New Delhi: After multiple delays, SpaceX managed to successfully test-fire its highly anticipated Falcon Heavy rocket on Wednesday.
Now, the California-based space company has scheduled the first flight of the three-core heavy-lift rocket for early February.
"Aiming for the first flight of Falcon Heavy on February 6 from Apollo launchpad 39A at Cape Kennedy," SpaceX founder Elon Musk tweeted. "Easy viewing from the public causeway."
Soon after the test flight, Musk tweeted that the rocket is ready for launch "in a week or so."
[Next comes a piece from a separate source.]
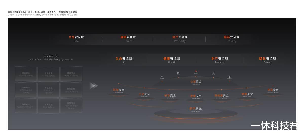 作为行业安全技术的先行者与引领者,吉利在“全域AI”技术体系的赋能下,以“AI为纲 责任为本”,基于原有的“全域安全”技术体系进阶打造“全域安全2.0”技术体系。结合智能时代的安全新需求和新挑战,“全域安全2.0”技术体系秉持“以人为尊”理念,通过技术升级、能力突破与范式创新,将侧重“整车安全”的视角升级为“人-车-路-云-星”的生态视角,旨在贯穿用户出行全场景、覆盖出行全领域、联动出行全生态;并以“生命零伤亡、健康零危害、财产零损失、隐私零泄露”四大安全愿景为指引,逐步构建的一套为消费者提供全面的安全保障技术体系。

The tech billionaire has said the rocket will carry a red Tesla Roadster into space, eventually to a Mars orbit, where it should remain "for a billion years or so if it doesn't blow up on the ascent."
The Falcon Heavy, a reusable super heavy-lift launch vehicle, is seen as the world's most powerful rocket since NASA's Saturn V moon rocket in the 1960s.
Its first stage is composed of three Falcon 9 nine-engine cores whose 27 Merlin engines together generate more than 5 million pounds (2.3 million kg) of thrust at liftoff, equal to about eighteen 747 aircraft.
Only the Saturn V moon rocket, last flown in 1973, delivered more payload to orbit.
Falcon Heavy was designed to carry humans into space and restores the possibility of flying missions with a crew to the Moon or Mars, according to SpaceX.